Una vez en el centro comercial, Rosana tomó la escalera mecánica hacia arriba. Ese día, había
un evento en el centro comercial, por lo que se congregó mucha gente.
Al adentrarse en la multitud, notó que alguien la había seguido, pero fingió no darse cuenta y, siguiendo las instrucciones de Dionisio, entró a una tienda a probarse ropa, luego salió por la puerta trasera del probador.
Rosana se cambió de abrigo, se puso una peluca y un sombrero, entonces se dirigió al estacionamiento subterráneo, donde un coche la esperaba, así que subió rápidamente.
Rosana suspiró aliviada cuando recibió otra llamada de Dionisio: “No estoy segura de quién mandó a esa persona a seguirme.”

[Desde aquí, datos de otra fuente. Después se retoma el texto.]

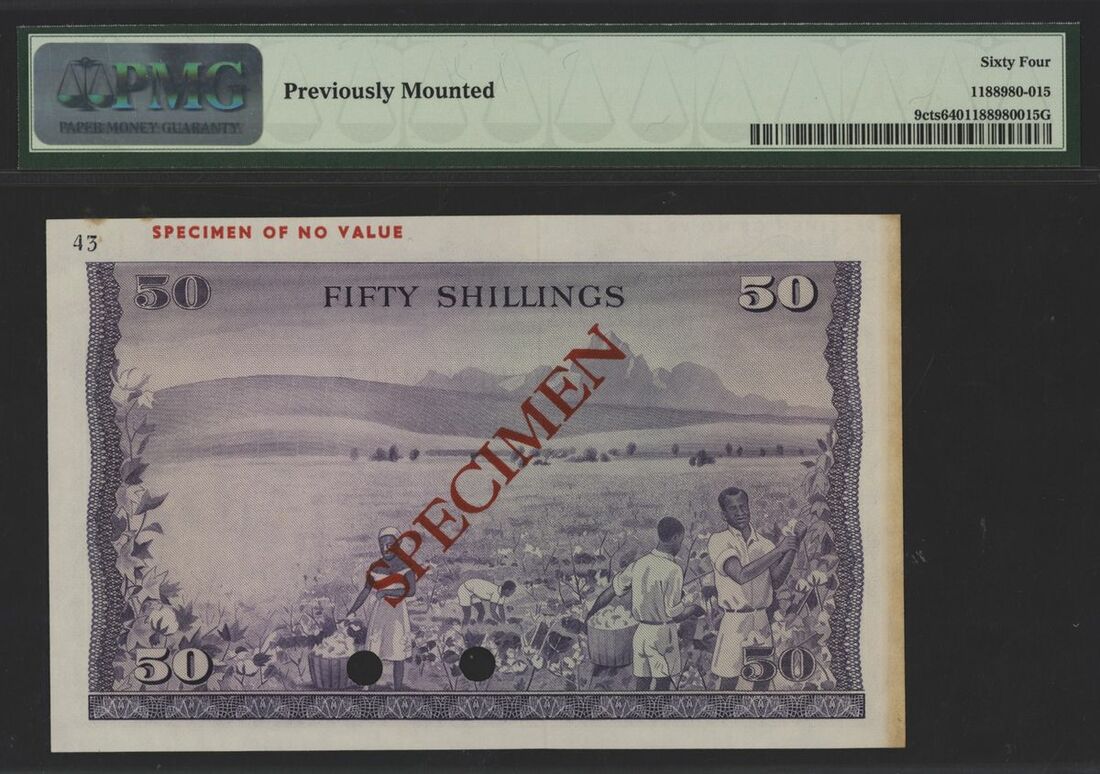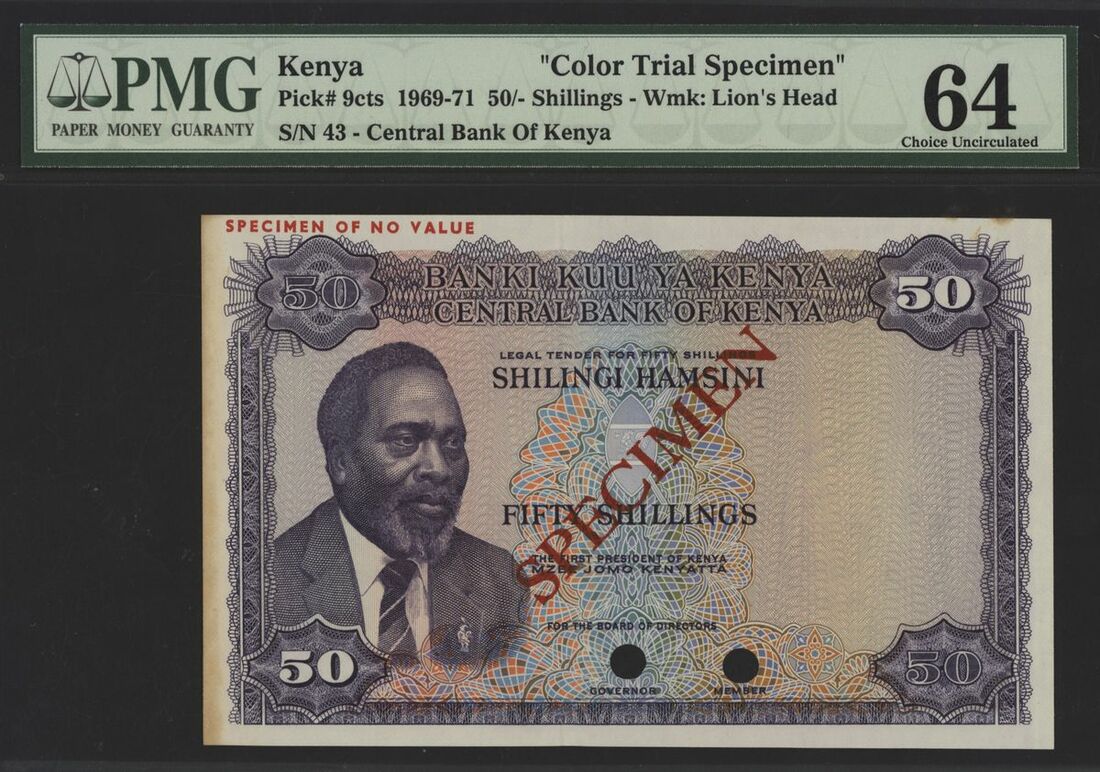 Central Bank of Kenya, colour trial specimen 50 shillings, ND (1969-71), serial number 43, (Pick 9cts), in PMG holder 64 Choice Uncirculated, previously mounted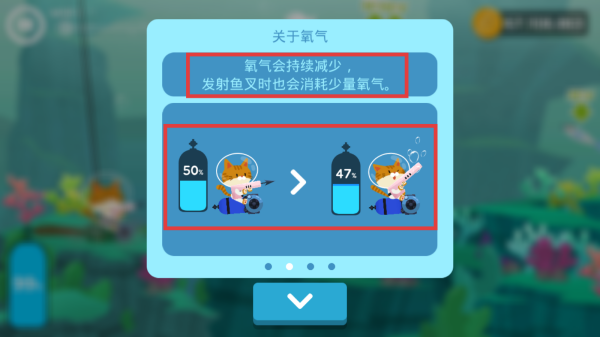 2、关注氧气状态,氧气会持续减少,发射鱼叉也会消耗少量氧气(如从50%降至47%),注意在氧气耗尽前补充或结束当前操作。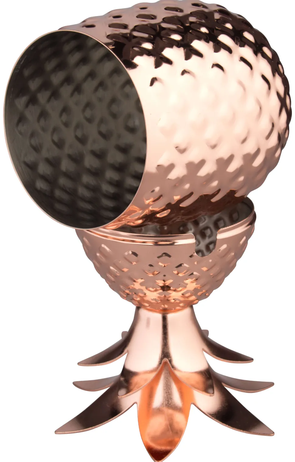 Dieser 500ml fassende Edelstahl-Becher hat außen einen schicken Überzug im angesagten Kupfer-Look. Innen ist der Cocktailbecher silberfarben. Der Clou ist ein optisch passender Deckel mit einer kleinen Aussparung für den Trinkhalm (am besten passt natürlich ein umweltfreundlicher, kupferfarbener Edelstahl-Trinkhalm). Nutzen Sie den Deckel, um das Getränk vor Insekten zu schützen oder einfach als Dekoration. Wer mutig genug ist, macht aus dem Deckel ein Podest: Der bauchige Becher kann auf den „Blättern“ stehen – und das sogar in Schräglage. Ihre Gäste werden eine kindliche Freude daran haben.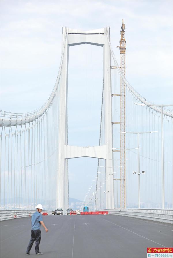 4月16日,深中通道伶仃洋大桥已铺设沥青路面,等待画线。 南都记者 赵炎雄 霍健斌 摄

Si Keira no la hubiera contactado ese día, solo sospecharía de os hermanos Lines, pero ahora no estaba segura. Probablemente Keira tampoco había desistido; mientras Miranda no apareciera, la familia Montes seguiría sospechando de los Lines.
La voz grave de Dionisio sonó: “Voy a investigar. Ven cuanto antes.”
“Sí, está bien.” Después de colgar, Rosana miró por la ventana.
No pasó mucho tiempo antes de que el coche llegara a un lugar. Ella bajó del vehículo y vio a Yolanda esperándola afuera.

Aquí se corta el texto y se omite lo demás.